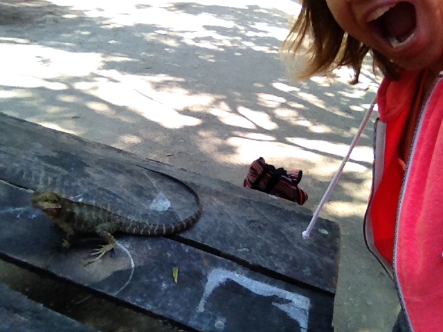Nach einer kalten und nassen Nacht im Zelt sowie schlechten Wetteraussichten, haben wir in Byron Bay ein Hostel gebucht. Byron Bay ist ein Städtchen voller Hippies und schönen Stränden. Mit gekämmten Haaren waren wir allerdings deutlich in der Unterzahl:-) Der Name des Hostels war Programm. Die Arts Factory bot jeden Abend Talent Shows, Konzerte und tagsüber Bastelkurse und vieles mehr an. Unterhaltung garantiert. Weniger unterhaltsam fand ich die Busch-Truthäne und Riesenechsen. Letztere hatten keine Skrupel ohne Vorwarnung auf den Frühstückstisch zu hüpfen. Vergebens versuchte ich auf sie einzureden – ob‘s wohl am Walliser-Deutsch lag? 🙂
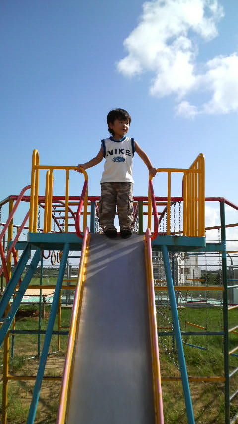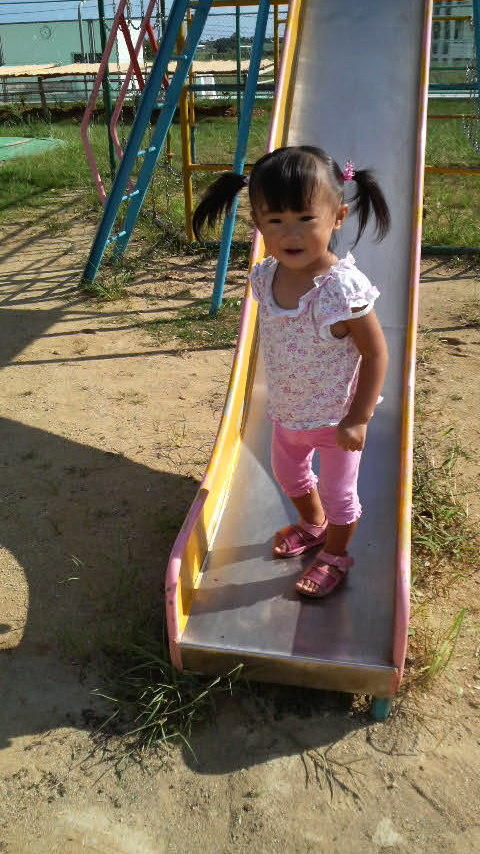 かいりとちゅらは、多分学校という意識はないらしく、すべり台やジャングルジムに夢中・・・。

....

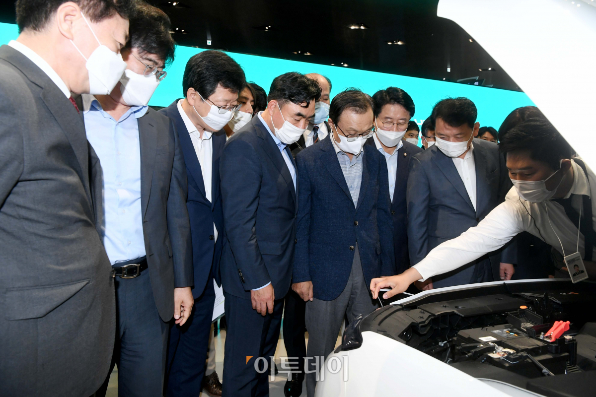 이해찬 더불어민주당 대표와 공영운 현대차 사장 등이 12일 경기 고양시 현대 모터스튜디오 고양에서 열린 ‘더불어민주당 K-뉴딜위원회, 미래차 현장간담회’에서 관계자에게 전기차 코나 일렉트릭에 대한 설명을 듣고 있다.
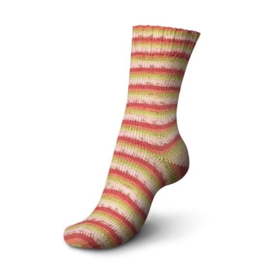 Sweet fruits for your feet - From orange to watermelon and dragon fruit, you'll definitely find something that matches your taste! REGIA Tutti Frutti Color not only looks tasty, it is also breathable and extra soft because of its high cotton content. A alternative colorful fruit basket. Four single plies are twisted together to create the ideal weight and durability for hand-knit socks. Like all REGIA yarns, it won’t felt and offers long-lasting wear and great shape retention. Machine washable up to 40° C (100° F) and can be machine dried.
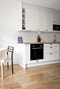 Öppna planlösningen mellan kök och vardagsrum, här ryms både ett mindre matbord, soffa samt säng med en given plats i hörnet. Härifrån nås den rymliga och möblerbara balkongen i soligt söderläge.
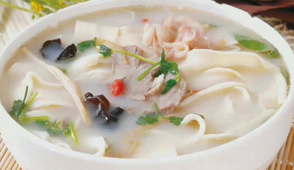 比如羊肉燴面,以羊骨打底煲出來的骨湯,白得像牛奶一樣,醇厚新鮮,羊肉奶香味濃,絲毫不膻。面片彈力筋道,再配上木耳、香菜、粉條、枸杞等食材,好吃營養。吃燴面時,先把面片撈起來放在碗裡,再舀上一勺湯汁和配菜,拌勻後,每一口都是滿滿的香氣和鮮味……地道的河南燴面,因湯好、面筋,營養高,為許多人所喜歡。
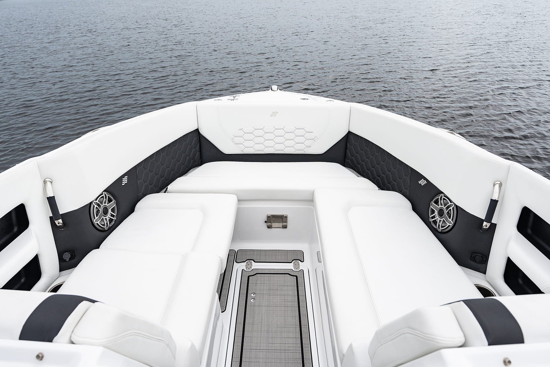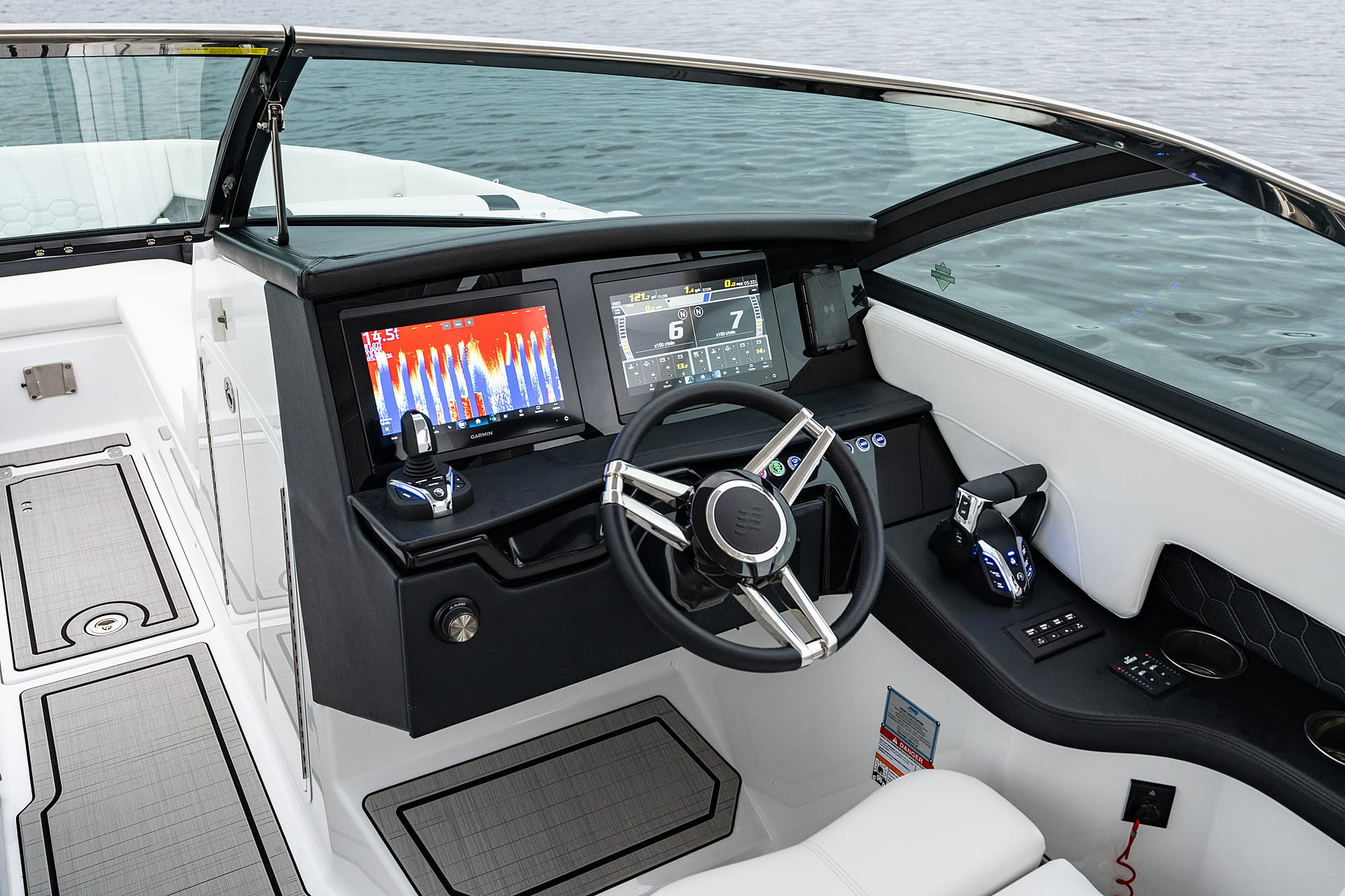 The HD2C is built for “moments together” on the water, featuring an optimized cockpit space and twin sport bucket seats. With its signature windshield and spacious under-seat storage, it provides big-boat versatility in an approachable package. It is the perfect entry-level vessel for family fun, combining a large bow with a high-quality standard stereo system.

....

* **WORK TO BE COMPLETED**:
Transcribe only the lines above that start at the line containing "Nach einer kalten" and end at the line containing "かいりとちゅらは、多分学校と". Omit pictures.

* **EXERCISE ANSWER**:
Nach einer kalten und nassen Nacht im Zelt sowie schlechten Wetteraussichten, haben wir in Byron Bay ein Hostel gebucht. Byron Bay ist ein Städtchen voller Hippies und schönen Stränden. Mit gekämmten Haaren waren wir allerdings deutlich in der Unterzahl:-) Der Name des Hostels war Programm. Die Arts Factory bot jeden Abend Talent Shows, Konzerte und tagsüber Bastelkurse und vieles mehr an. Unterhaltung garantiert. Weniger unterhaltsam fand ich die Busch-Truthäne und Riesenechsen. Letztere hatten keine Skrupel ohne Vorwarnung auf den Frühstückstisch zu hüpfen. Vergebens versuchte ich auf sie einzureden – ob‘s wohl am Walliser-Deutsch lag? 🙂
 かいりとちゅらは、多分学校という意識はないらしく、すべり台やジャングルジムに夢中・・・。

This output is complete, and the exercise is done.